A test file can contain multiple suites. Suites always run sequentially. Tests within a suite run sequentially by default, but can be made concurrent with { concurrency: true } — in which case each individual test within that suite must itself be independent, hermetic, and deterministic.
Since these tests interact with a running Harper instance, they often validate actual application output: standard streams (stdout/stderr), network responses, or file system state.
This file contains two suites with two 1-second tests each. The first suite enables { concurrency: true }, the second does not.
import { suite, test } from 'node:test';
import { setTimeout as sleep } from 'node:timers/promises';
suite('Concurrency Enabled', { concurrency: true }, () => {
test('1 second', async () => {
await sleep(1000);
});
test('1 second', async () => {
await sleep(1000);
});
});
suite('Concurrency Disabled', () => {
test('1 second', async () => {
await sleep(1000);
});
test('1 second', async () => {
await sleep(1000);
});
});- The first suite's tests run concurrently → ~1 second
- The second suite's tests run sequentially → ~2 seconds
- Suites always run sequentially → total ~3 seconds
▶ Concurrency Enabled
✔ 1 second (1001.359083ms)
✔ 1 second (1001.860375ms)
✔ Concurrency Enabled (1002.26125ms)
▶ Concurrency Disabled
✔ 1 second (1001.122166ms)
✔ 1 second (1000.5495ms)
✔ Concurrency Disabled (2001.850625ms)
ℹ tests 4
ℹ duration_ms 3087.786041
/**
* Description of what this test file verifies.
*/
import { suite, test, before, after } from 'node:test';
import { strictEqual } from 'node:assert/strict';
import { startHarper, teardownHarper, type ContextWithHarper } from '@harperfast/integration-testing';
suite('short description', (ctx: ContextWithHarper) => {
before(async () => {
await startHarper(ctx);
});
after(async () => {
await teardownHarper(ctx);
});
test('test description', async () => {
const response = await fetch(ctx.harper.httpURL);
strictEqual(response.status, 200);
});
});The lifecycle APIs work with any framework that supports async setup and teardown. The runner source is a concrete reference for how the Node.js node:test integration is wired up, including concurrency configuration and shard support. Use it as a starting point when building an integration for another framework.
Integration tests should run efficiently and reliably on CI, not just locally. As the number of test files grows — further compounded by verifying multiple operating systems or runtime versions — even a modest test suite can become a large CI operation. The goal is to strike a balance between cost and thoroughness. Tests must always run reliably; correctness is never compromised for speed. Overloaded runners cause flaky failures.
Default GitHub Actions runners have limited performance. They can reasonably handle a single integration test, but parallelizing many of them will often exceed the runner's capabilities. A recommended strategy is to parallelize across multiple runners using workflow matrix jobs combined with test sharding — distributing test files across runners rather than running them all on one.

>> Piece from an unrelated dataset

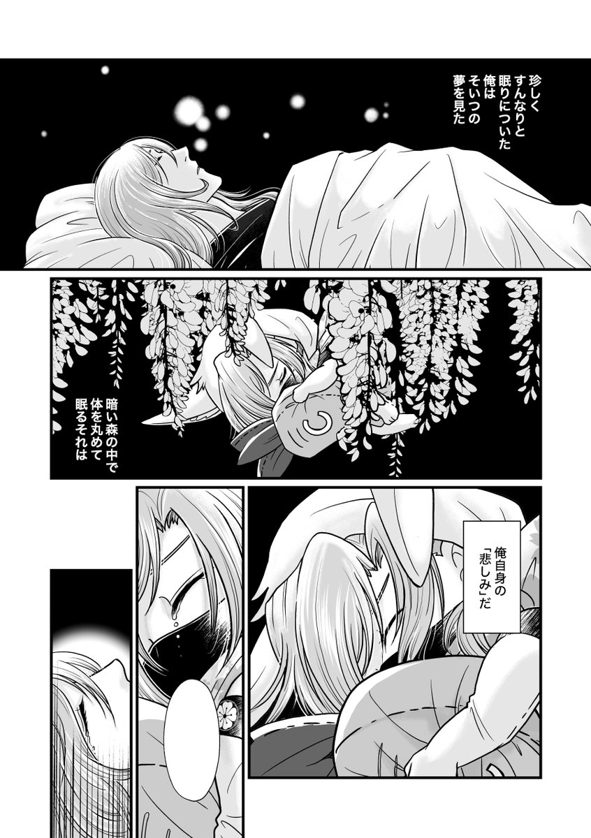 【5/3 新刊サンプル】 「まっくら森でまっててね」(A5/P36/会場頒布価格¥400) 薫の悲しみが生んだうさ屋敷と虎次郎の喜びが生んだマン次郎がある森で出会ったことをきっかけに、虎次郎が薫との関係を変えようとする話です。 部数アンケートご協力いただけると助かります。 forms.gle/KasEhra2p4kjDf…

Larger runners are available but come at a meaningful cost increase. The right trade-off depends on your organization's total CI job volume, since parallel job execution is typically capped at the org level. When wait time for available runners starts to exceed the time saved by parallelization, fewer jobs on larger runners may be more effective.
It's also worth being deliberate about when the full integration suite runs. Running every test across all supported configurations on every commit of every open PR can quickly exhaust concurrency limits. Strategies like file path filter triggers, manually triggered workflows, and limiting the full matrix to merge-time checks can keep CI responsive without sacrificing coverage.
A merge queue is worth considering for this last point — running the complete matrix only after a PR passes initial checks (e.g., a single configuration), then verifying the full matrix before merge. This allows for faster PR iteration while keeping the main branch thoroughly tested.
The Harper integration tests workflow is a real-world example of these strategies in practice.